Jobs and other economic activities are increased because of sports. Food vendors, clothing manufacturers, construction workers, doctors, hoteliers, etc. are all needed when sporting events are held regularly increasing number of employed people. But the sporting activity in itself is a big money spinner with sports being more professional and sportsmen earning huge amounts of money. As a matter of fact, Sports acts as a quick means to escape poverty. There are numerous stories littered in our country and beyond on how sports changed the social and financial status of individuals.
Poor education is also one problem that is solved by sports. One constant in sports is travel and this brings about an informal education in teaching one about different people, places and cultures. In fact the level of enlightenment one gets as a result of these sports interaction cannot be quantified justifiably with words.
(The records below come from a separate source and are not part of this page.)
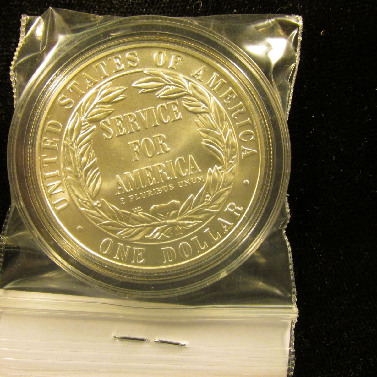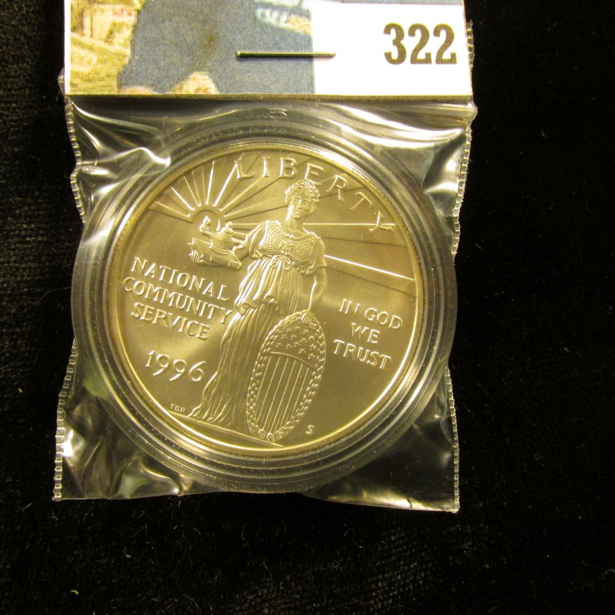 1996 S U.S. National Community Service GEM BU 69 Silver Dollar, encapsulated.
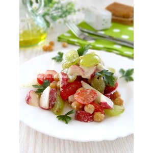 Описание: Очень вкусный, быстрого приготовления, полезный салатик с нутом, виноградом и овощами с виноградным маслом и оливками!
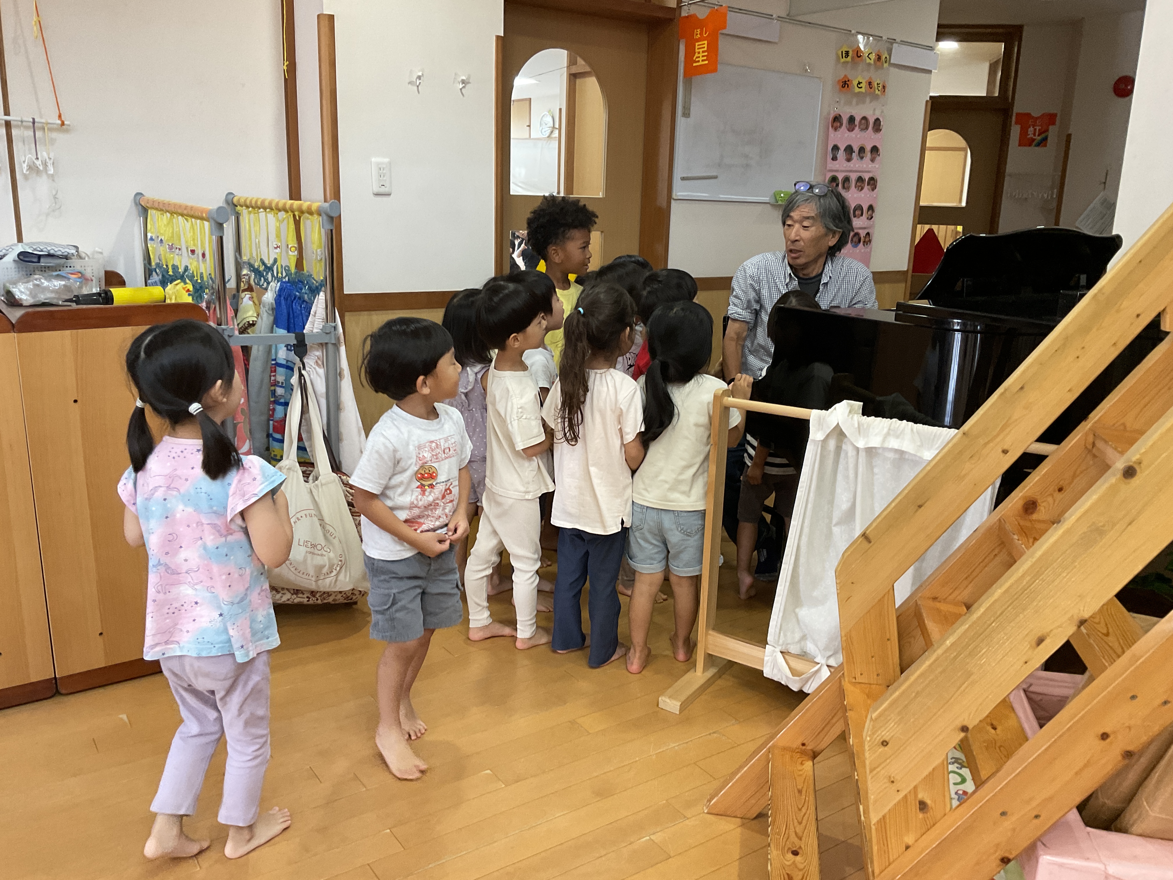 いつもの保育者が弾くピアノとはちょっと違う雰囲気を感じながら、楽しんでいる様子。
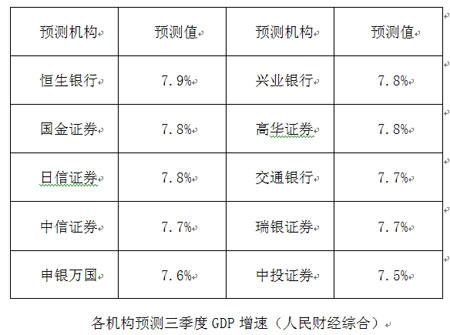 从预测来看,多数机构认为三季度经济增速将快于上半年。交通银行预计三季度GDP的环比增速将启稳回升,同比增速上升为7.7%左右。中信证券9月宏观数据前瞻报告也指出,今年第三季度,在稳增长政策作用下,需求有一定的回升,预计第三季度GDP增速为7.7%。
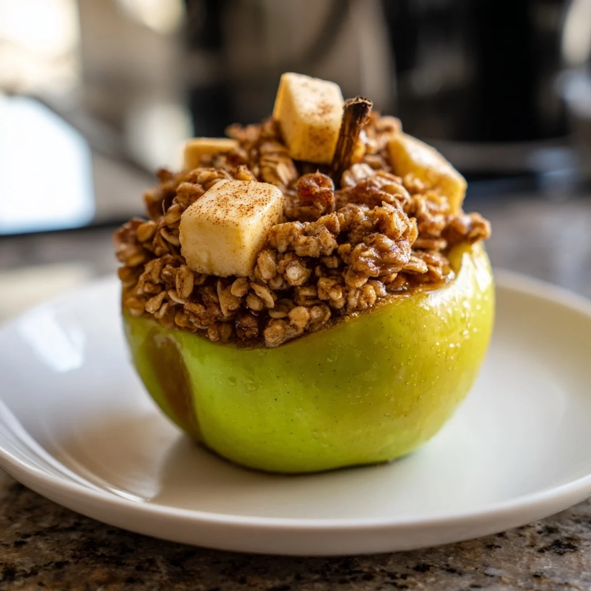 Tender apples filled with spiced oats and nuts, baked warm and perfect for a cozy afternoon delight.
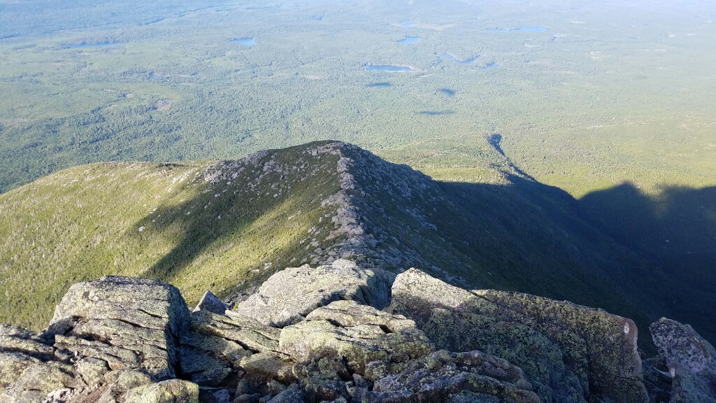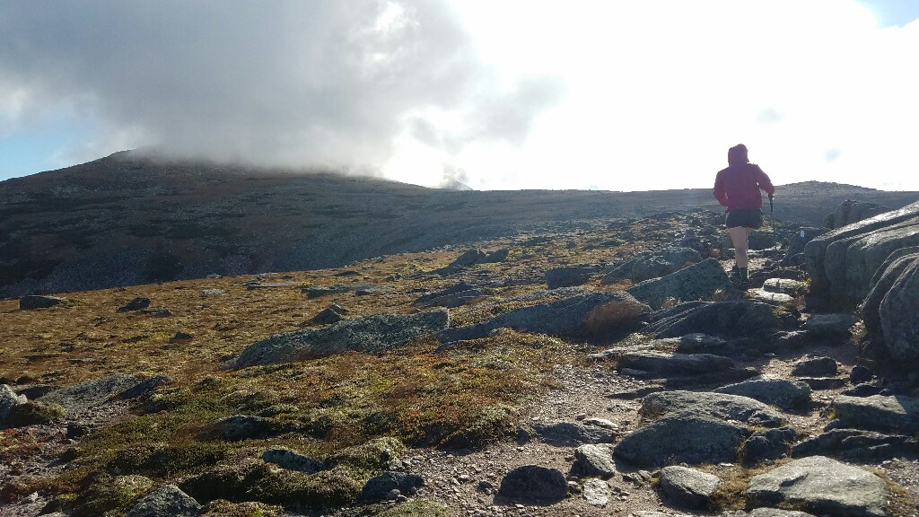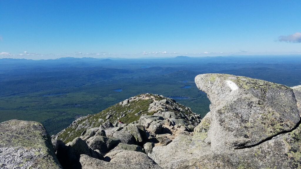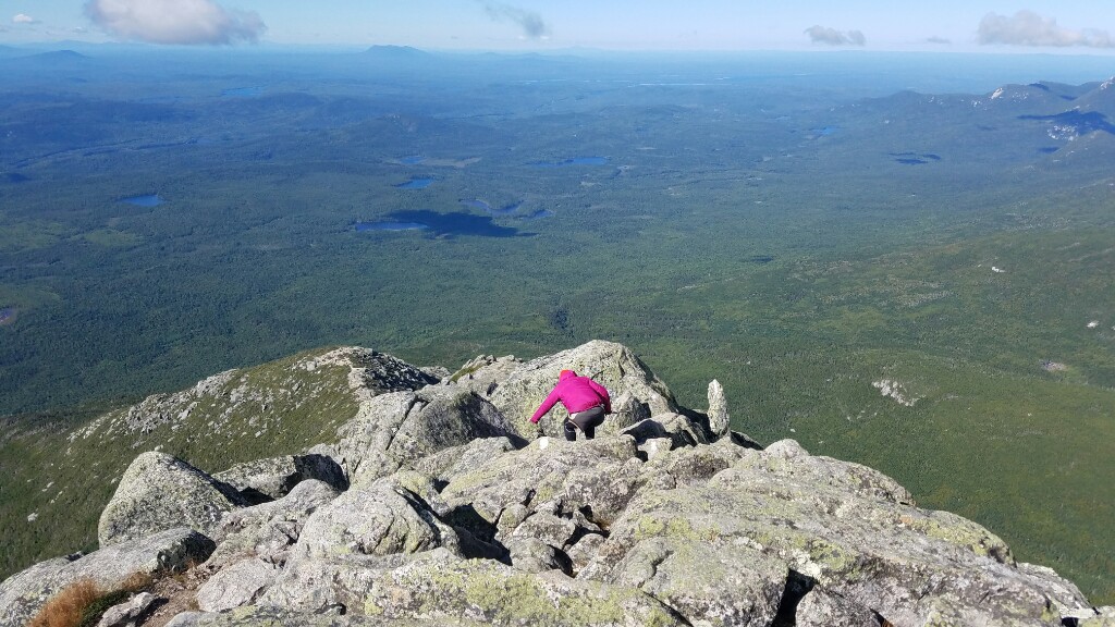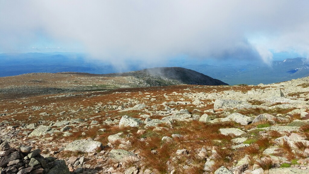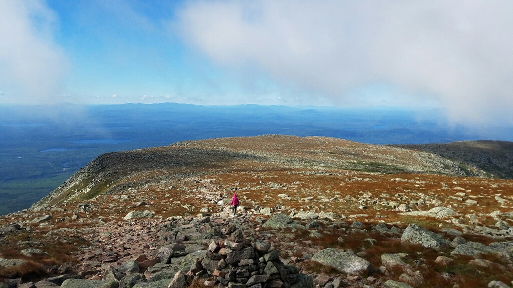 Right around 6:23am we hit the trailhead and began the final 5 mile hike up Katahdin. The trail began with a really nicely graded path, with well maintained stone steps. This lasted for about a mile, up to the falls. It was a nice warmup before the hard stuff ahead. At about 2.6 miles, or just after halfway, we hit the treeline, and were confronted with a big, steep pile of boulders… it was time to climb.
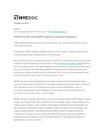 Mayor's Press Release: NYCEDC and CUNY Launch IN2NYC Program for International Entrepreneurs
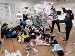 最後は新聞紙遊びをしました。

Formal education is also easily achievable when sports is encouraged as many schools home and abroad have scholarships for talented sportsmen and women. They know that these people would bring pride and prestige to their schools and so design programs for them where they can harness their talent as well as get a sound education.
Despite the merits of these arguments in support of expenditure on sports project by the NDDC, we have to remember that what is good is not always right, and what is right is not always good. In this case we have to look at the laws and the functions of the NDDC as prescribed by the Act that set it up. Niger-Delta Development Commission (Establishment etc.) Act of 2000 states clearly in part 2 section 7, as its function that the commission shall conceive, plan and implement, in accordance with set rules and regulations, projects and programmes for the sustainable development of tie Niger-Delta area in the field of transportation including roads, jetties and waterways, health, education, employment, industrialization, agriculture and fisheries, housing and urban development, water supply, electricity and telecommunications; Sports is conspicuously left out. Though people will argue that projects in sports could fall under education and perhaps employment but seeing that the act stipulates a structure with eleven directorates namely: Administration and Human Resources; Community and Rural Development; Utilities Infrastructural Development and Waterways; Environmental Protection and Control; Finance and Supply; Agriculture and Fisheries; Planning, Research, Statistics and Management Information System; Legal Services; Education, Health and Social Services; Commercial and Industrial Development, and Projects Monitoring and Supervision. None for sports.
While one can postulate that the Directorate of Education, Health and Social services can oversee projects in Sports, it would be a long shot to hope that the director would be a sports person or a professional who will see his or her interest in sports more important than that of education, health or social services.
So if sports were to get a priority in the NDDC funds, it would need its own directorate and that, I think will bring us to a huge inflection point and I believe that means that we change the rules by amending the act. This in itself, knowing our interests, is an Augean task. The last time the senate sent a bill to amend the NDDC Act was in 2017 and the recommended amendments were more political than developmental.
So for now, while the problems of the region lingers on and the funds earmarked for its development runs into trillions of Naira, we can enjoy the drama and spectacle that the hearings in the national assembly will bring because at least for now, there is no sport to enjoy there.